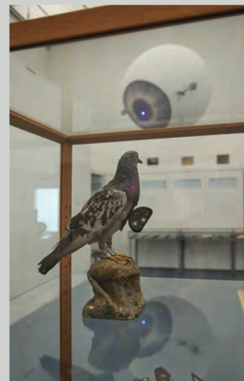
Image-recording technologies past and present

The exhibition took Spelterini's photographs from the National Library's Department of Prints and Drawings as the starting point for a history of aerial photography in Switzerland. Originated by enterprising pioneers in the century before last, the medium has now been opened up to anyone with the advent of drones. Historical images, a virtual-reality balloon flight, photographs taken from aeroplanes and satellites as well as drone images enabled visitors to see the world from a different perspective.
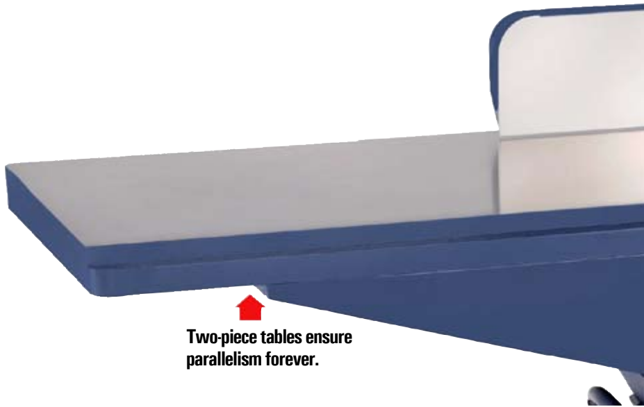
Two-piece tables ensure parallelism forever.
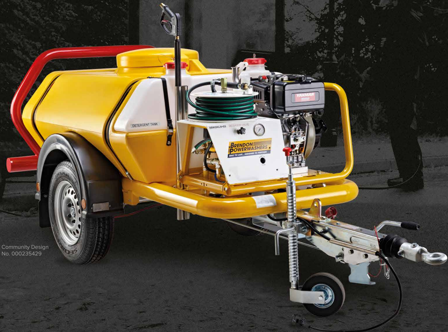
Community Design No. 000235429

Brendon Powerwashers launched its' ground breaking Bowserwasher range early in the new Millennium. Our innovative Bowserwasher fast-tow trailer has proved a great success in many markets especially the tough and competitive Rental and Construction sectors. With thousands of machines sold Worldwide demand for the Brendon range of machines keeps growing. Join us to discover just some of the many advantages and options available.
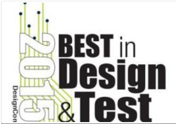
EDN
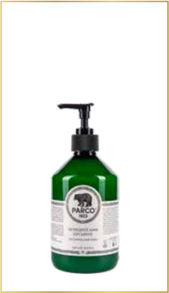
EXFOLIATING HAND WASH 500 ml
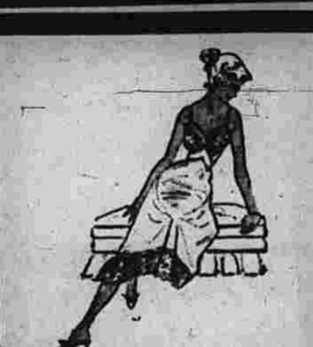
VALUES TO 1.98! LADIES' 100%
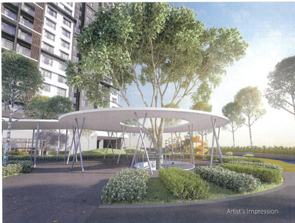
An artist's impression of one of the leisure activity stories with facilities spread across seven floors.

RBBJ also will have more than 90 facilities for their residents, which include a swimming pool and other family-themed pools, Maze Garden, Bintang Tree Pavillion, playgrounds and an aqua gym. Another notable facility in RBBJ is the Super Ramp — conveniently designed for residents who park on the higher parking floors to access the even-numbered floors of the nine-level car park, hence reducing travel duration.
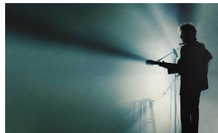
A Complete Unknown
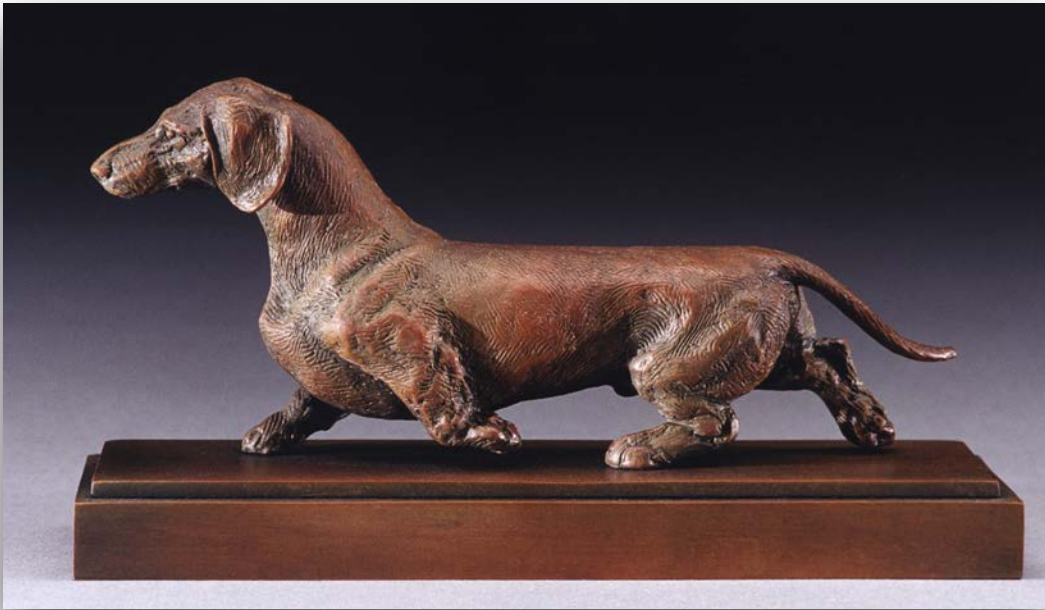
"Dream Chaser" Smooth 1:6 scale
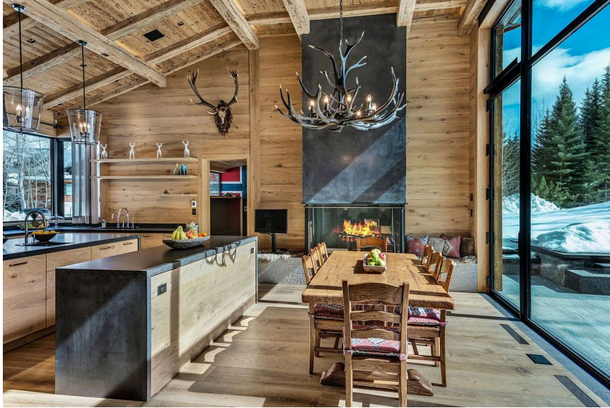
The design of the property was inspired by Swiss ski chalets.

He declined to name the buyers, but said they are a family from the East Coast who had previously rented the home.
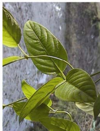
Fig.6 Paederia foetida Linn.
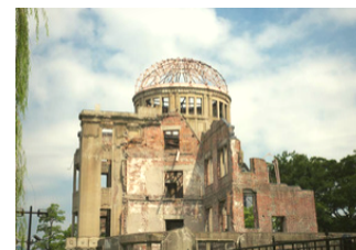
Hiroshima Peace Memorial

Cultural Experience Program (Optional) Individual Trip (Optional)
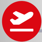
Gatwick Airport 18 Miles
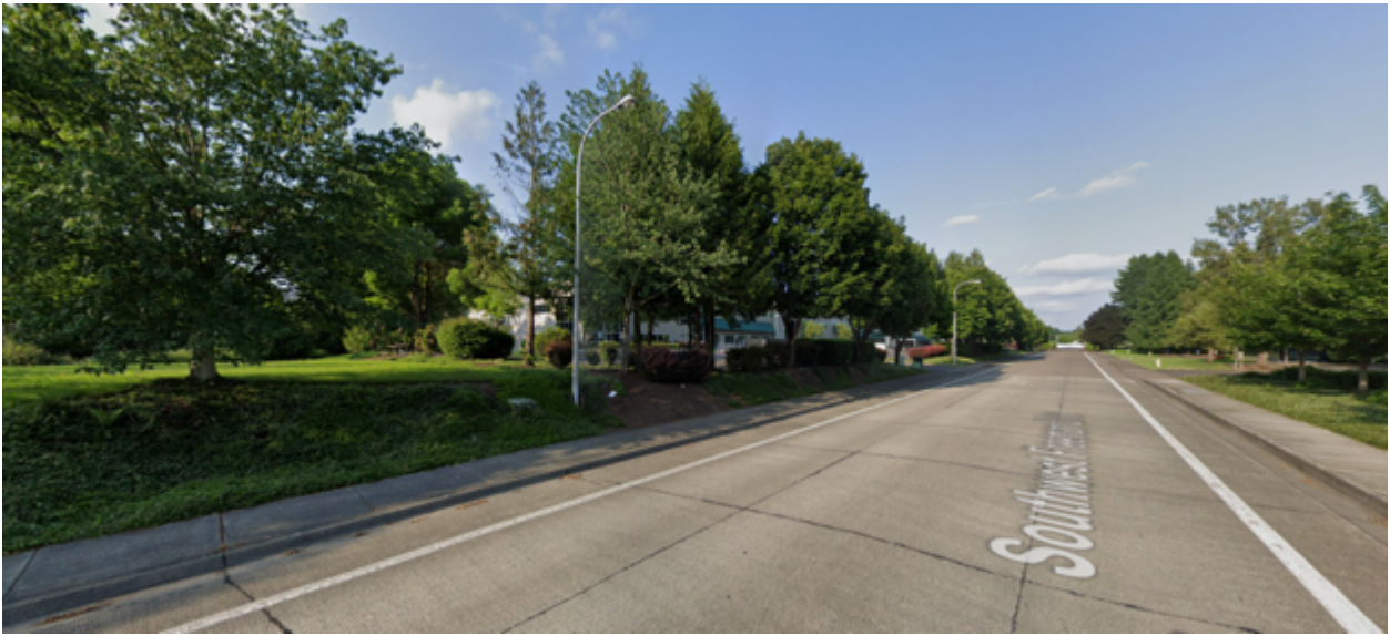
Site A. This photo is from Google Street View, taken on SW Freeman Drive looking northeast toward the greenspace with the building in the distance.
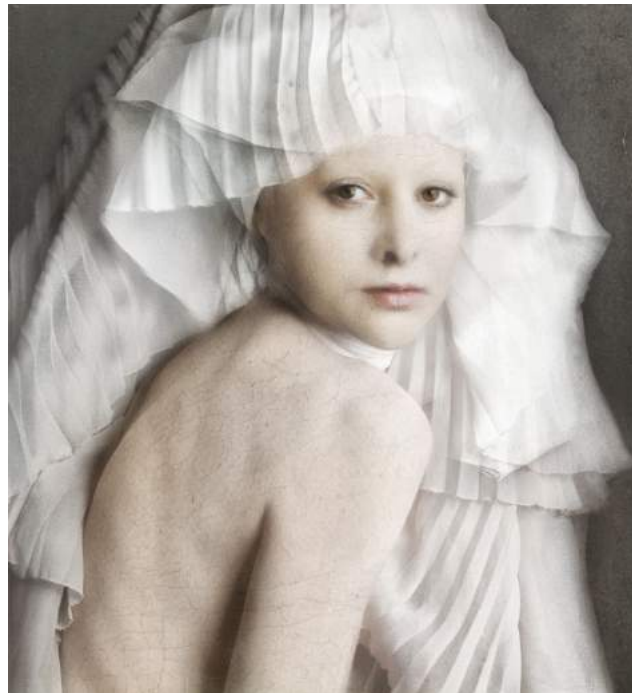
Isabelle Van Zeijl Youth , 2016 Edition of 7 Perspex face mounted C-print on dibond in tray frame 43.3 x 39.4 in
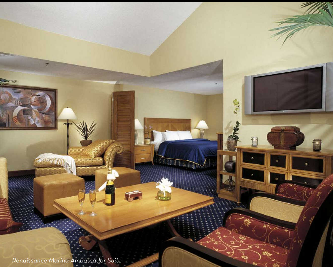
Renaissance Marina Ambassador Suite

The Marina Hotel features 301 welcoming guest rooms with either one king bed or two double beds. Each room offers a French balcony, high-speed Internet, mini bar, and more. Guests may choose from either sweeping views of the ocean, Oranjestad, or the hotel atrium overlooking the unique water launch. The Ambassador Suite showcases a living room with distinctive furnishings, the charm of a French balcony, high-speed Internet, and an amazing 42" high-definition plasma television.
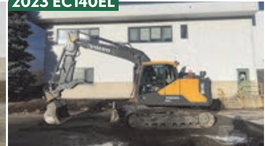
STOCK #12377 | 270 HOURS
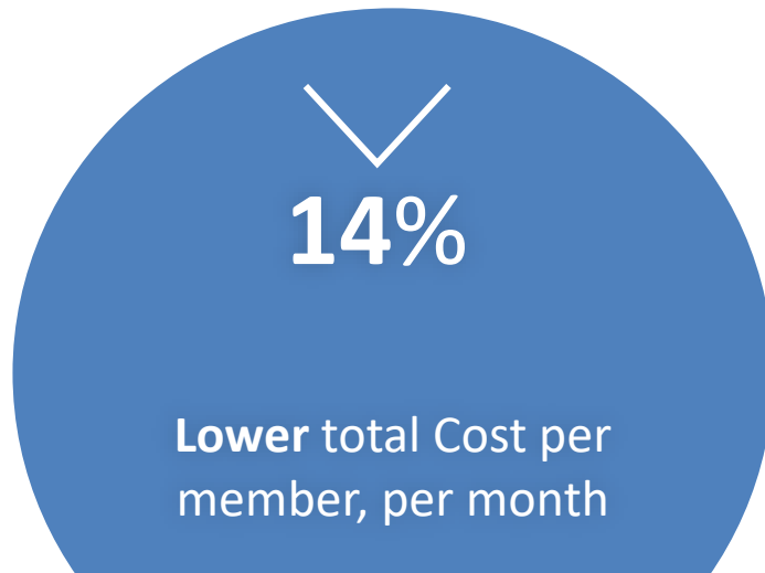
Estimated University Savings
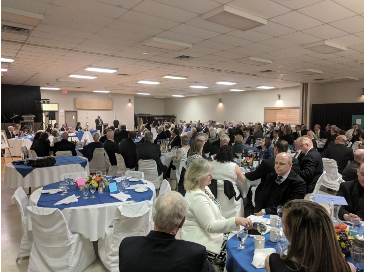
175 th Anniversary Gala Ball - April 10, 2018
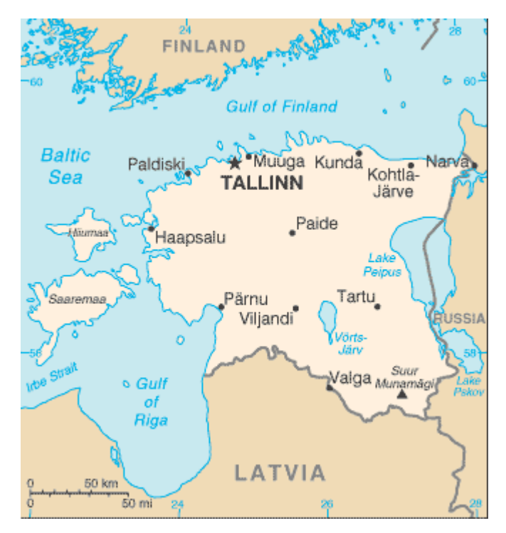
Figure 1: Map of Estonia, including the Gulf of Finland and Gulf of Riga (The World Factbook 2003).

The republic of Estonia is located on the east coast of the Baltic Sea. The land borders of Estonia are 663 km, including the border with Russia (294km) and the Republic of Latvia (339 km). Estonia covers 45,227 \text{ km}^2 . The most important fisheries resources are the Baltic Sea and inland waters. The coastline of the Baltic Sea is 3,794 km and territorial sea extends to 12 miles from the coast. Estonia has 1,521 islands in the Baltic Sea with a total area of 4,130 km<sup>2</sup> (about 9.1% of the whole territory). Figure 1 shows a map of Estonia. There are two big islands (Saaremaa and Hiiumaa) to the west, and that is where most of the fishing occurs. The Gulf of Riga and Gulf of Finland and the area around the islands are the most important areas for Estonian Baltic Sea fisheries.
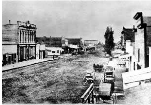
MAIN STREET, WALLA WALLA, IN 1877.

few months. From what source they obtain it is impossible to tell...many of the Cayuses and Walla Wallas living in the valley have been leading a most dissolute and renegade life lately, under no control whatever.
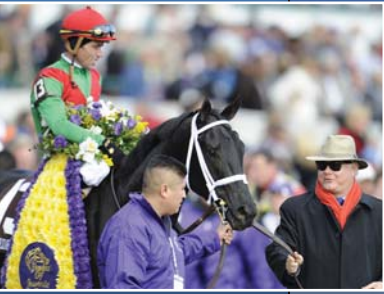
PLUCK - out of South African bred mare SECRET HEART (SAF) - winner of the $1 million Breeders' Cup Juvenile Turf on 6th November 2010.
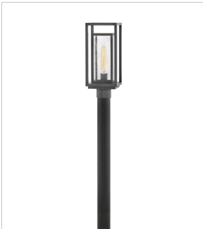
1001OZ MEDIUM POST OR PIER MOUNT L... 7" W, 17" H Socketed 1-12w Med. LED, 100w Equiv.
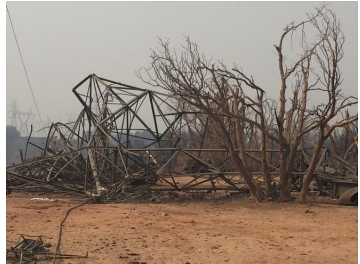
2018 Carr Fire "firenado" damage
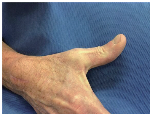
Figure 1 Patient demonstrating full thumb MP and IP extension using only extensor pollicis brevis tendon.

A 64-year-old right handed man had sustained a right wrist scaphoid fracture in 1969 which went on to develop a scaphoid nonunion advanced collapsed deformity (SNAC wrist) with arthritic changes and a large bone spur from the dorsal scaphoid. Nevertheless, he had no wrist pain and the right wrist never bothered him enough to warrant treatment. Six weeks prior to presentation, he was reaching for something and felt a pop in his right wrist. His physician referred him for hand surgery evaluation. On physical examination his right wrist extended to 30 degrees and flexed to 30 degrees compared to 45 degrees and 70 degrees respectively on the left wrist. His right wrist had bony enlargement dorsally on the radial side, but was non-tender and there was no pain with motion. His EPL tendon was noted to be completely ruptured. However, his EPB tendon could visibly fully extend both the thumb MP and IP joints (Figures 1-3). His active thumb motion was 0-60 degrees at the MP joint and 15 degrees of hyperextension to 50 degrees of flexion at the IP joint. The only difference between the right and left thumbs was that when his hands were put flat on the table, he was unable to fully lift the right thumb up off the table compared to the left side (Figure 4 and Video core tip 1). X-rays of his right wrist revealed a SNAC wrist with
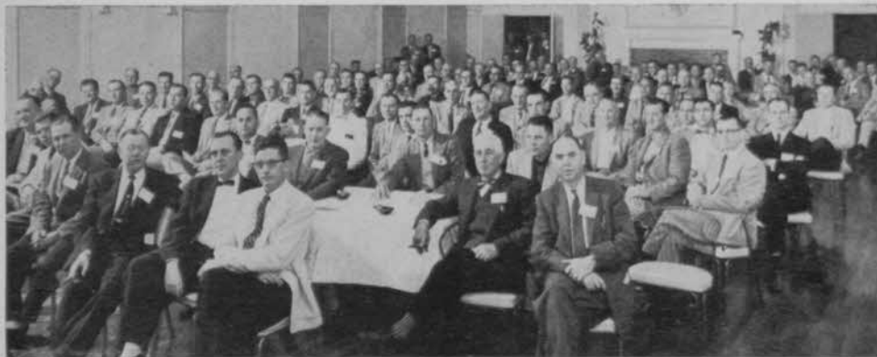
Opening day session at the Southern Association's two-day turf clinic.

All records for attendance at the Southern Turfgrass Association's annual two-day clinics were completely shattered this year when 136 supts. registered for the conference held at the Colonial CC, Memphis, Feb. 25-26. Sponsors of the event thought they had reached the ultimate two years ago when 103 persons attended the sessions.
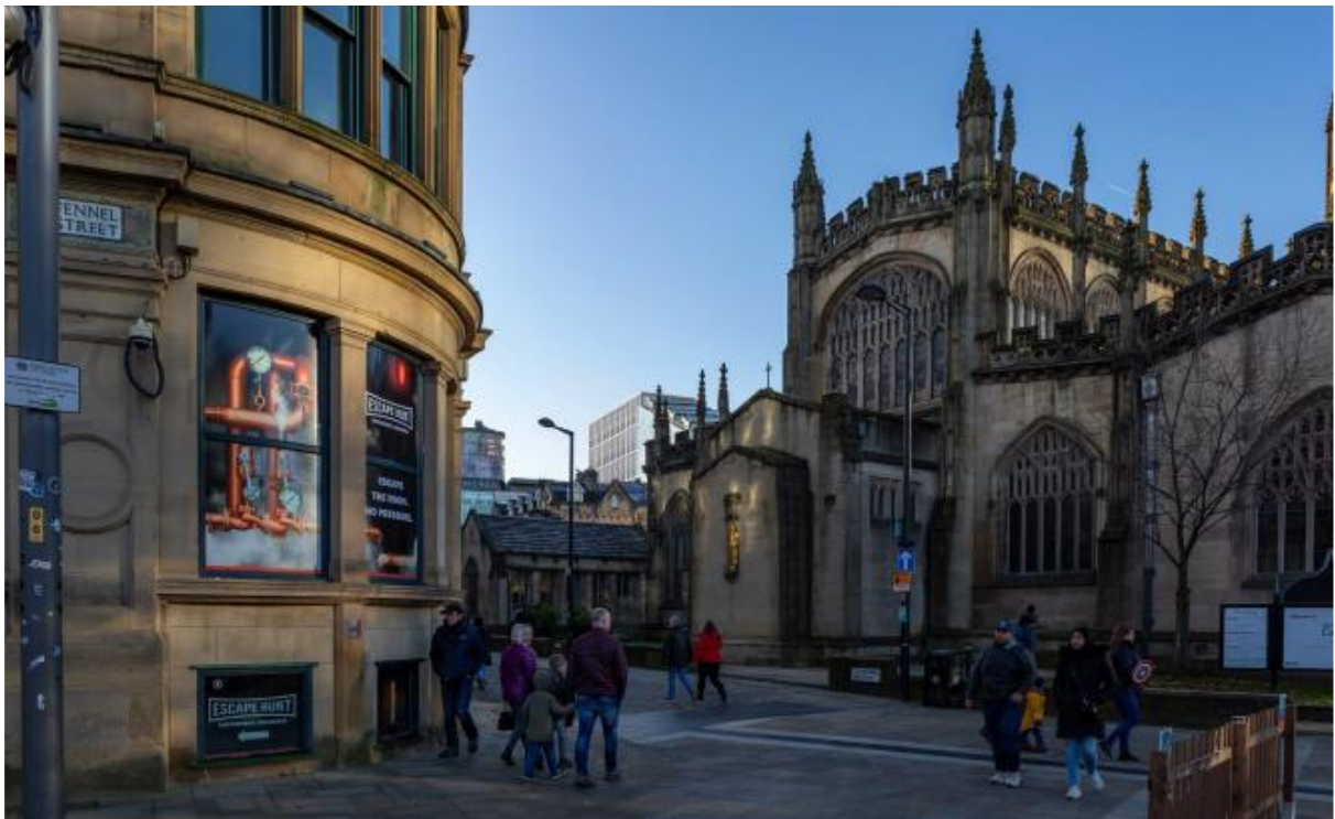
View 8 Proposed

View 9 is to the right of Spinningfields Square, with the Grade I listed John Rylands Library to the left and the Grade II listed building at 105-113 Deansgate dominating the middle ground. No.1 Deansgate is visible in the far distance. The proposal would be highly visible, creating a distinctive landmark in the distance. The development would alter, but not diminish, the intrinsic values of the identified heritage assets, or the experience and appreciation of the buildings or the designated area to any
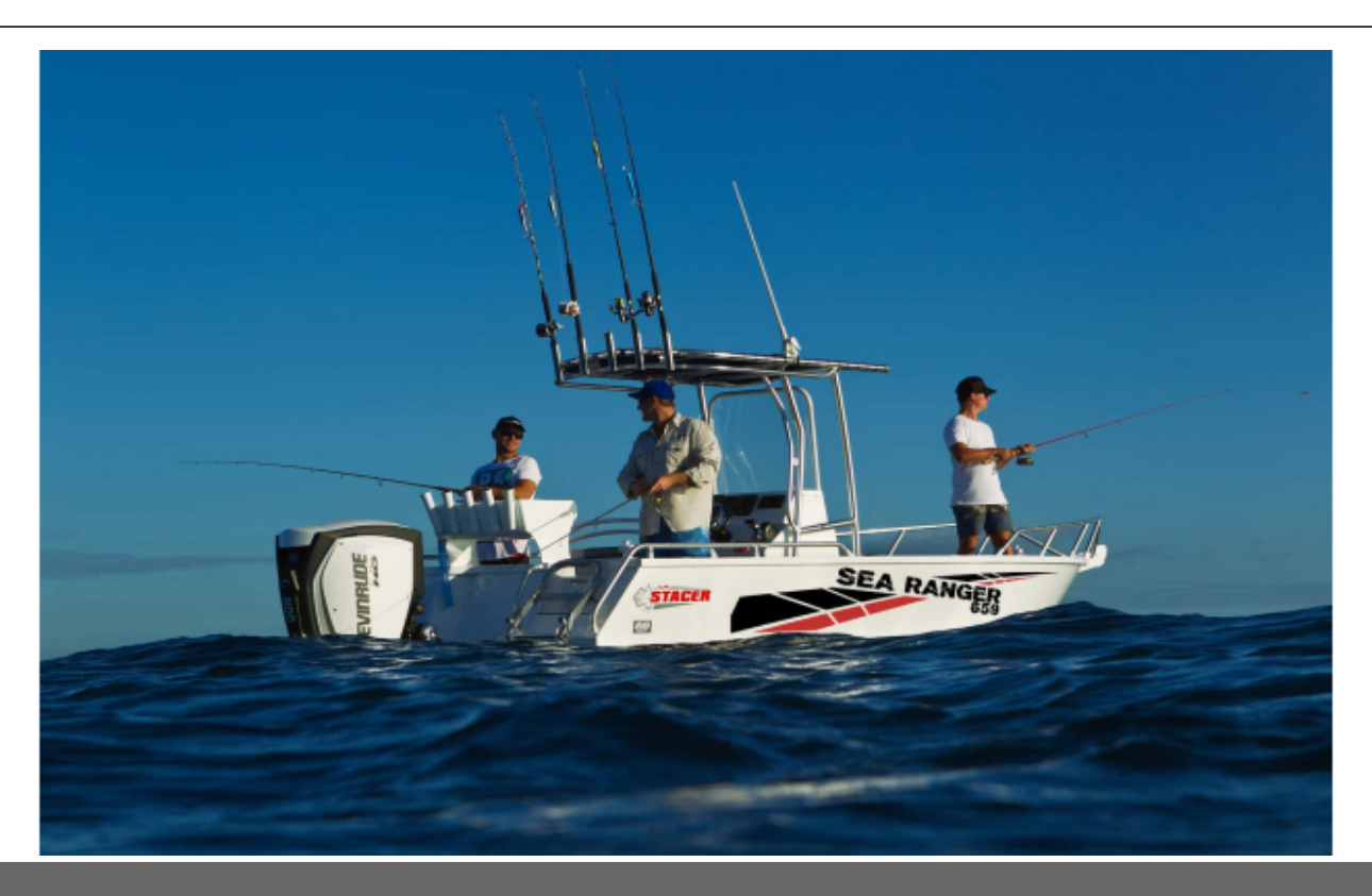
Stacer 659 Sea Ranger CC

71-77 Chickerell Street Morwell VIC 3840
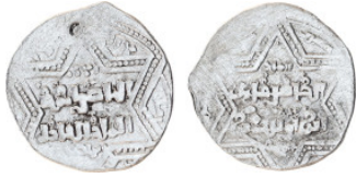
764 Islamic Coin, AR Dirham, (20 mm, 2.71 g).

+++

What is needed: Whenever "Riga" occurs in a line above, copy that line.

Result of the exercise:
Figure 1: Map of Estonia, including the Gulf of Finland and Gulf of Riga (The World Factbook 2003).
The republic of Estonia is located on the east coast of the Baltic Sea. The land borders of Estonia are 663 km, including the border with Russia (294km) and the Republic of Latvia (339 km). Estonia covers 45,227 \text{ km}^2 . The most important fisheries resources are the Baltic Sea and inland waters. The coastline of the Baltic Sea is 3,794 km and territorial sea extends to 12 miles from the coast. Estonia has 1,521 islands in the Baltic Sea with a total area of 4,130 km<sup>2</sup> (about 9.1% of the whole territory). Figure 1 shows a map of Estonia. There are two big islands (Saaremaa and Hiiumaa) to the west, and that is where most of the fishing occurs. The Gulf of Riga and Gulf of Finland and the area around the islands are the most important areas for Estonian Baltic Sea fisheries.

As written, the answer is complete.